EXTRACTED INFORMATION

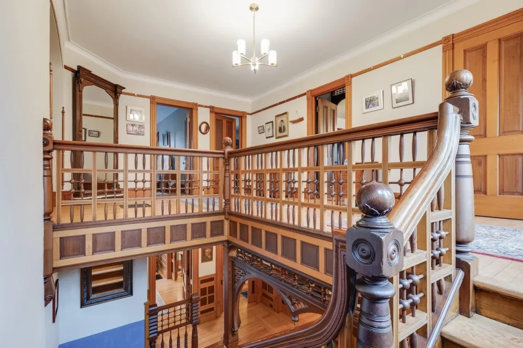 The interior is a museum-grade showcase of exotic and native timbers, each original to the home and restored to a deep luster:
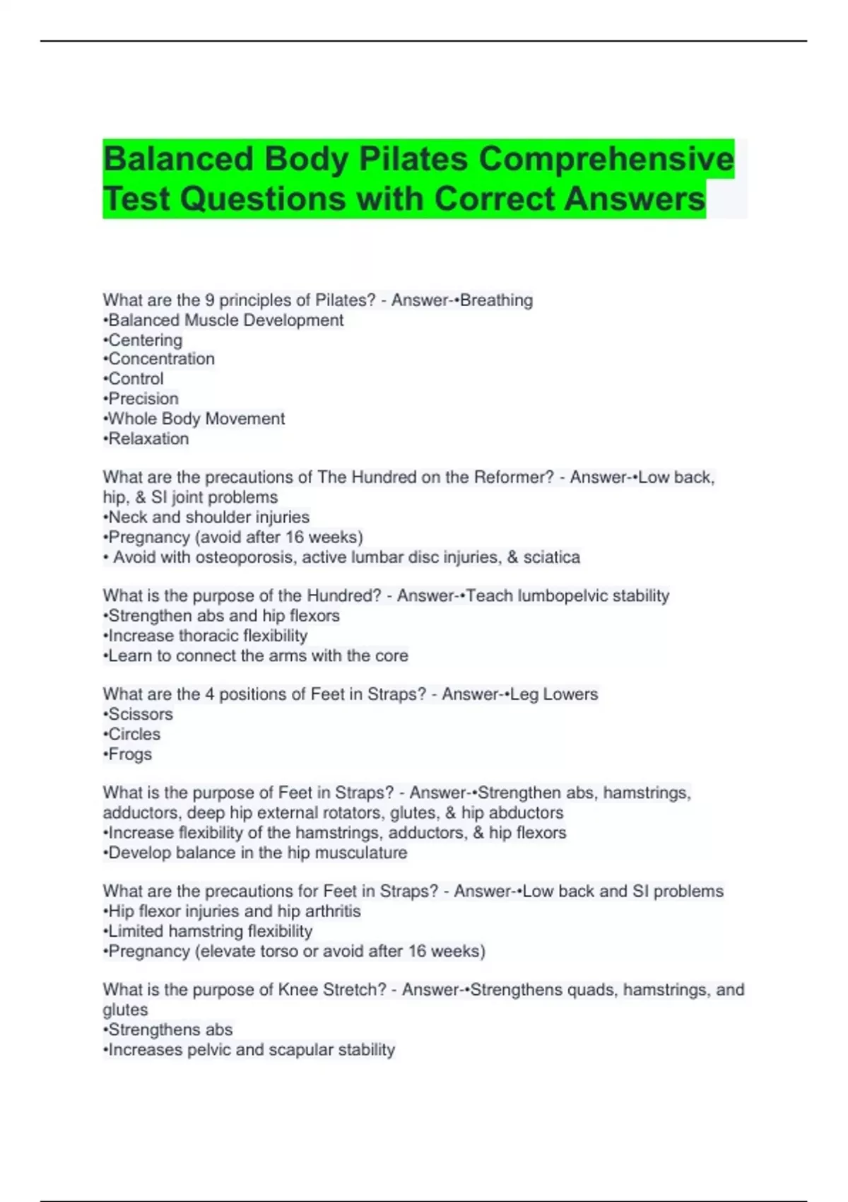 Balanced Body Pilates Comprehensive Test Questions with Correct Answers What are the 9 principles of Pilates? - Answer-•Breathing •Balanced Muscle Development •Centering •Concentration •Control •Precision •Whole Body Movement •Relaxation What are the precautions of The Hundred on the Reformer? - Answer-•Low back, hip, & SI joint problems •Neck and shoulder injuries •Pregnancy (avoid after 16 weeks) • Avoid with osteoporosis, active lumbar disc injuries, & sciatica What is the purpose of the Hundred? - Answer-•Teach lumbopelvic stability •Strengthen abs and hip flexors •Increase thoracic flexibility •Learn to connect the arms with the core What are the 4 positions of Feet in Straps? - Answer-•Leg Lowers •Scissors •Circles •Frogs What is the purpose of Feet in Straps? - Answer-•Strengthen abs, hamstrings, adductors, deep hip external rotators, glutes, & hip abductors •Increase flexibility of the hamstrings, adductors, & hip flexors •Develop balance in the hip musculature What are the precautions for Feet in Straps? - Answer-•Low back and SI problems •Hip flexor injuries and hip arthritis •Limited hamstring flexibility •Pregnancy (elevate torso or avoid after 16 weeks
==
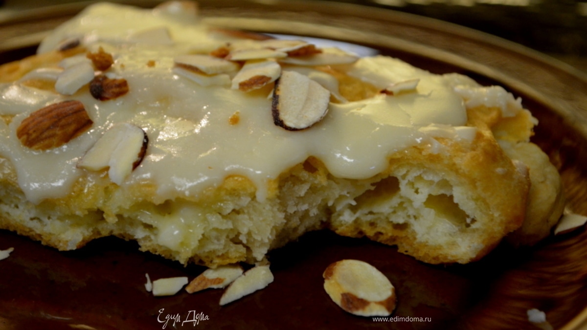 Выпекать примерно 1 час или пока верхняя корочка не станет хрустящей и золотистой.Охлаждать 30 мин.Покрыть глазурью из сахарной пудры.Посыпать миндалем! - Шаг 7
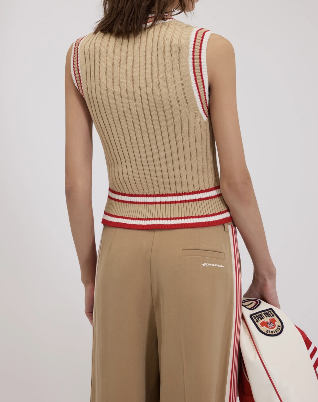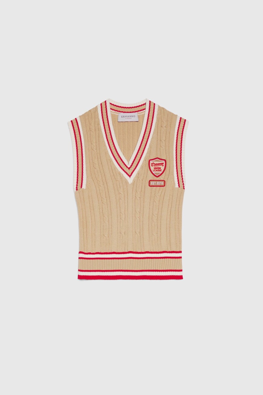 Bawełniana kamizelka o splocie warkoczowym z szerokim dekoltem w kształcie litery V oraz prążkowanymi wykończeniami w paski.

YOUR OBJECTIVE
Copy the lines above exactly, starting at the one with "Выпекать примерно 1" and ending at the one with "Bawełniana kamizelka o", both included. Leave out any pictures and add nothing else.

EXERCISE RESULT
 Выпекать примерно 1 час или пока верхняя корочка не станет хрустящей и золотистой.Охлаждать 30 мин.Покрыть глазурью из сахарной пудры.Посыпать миндалем! - Шаг 7
 Bawełniana kamizelka o splocie warkoczowym z szerokim dekoltem w kształcie litery V oraz prążkowanymi wykończeniami w paski.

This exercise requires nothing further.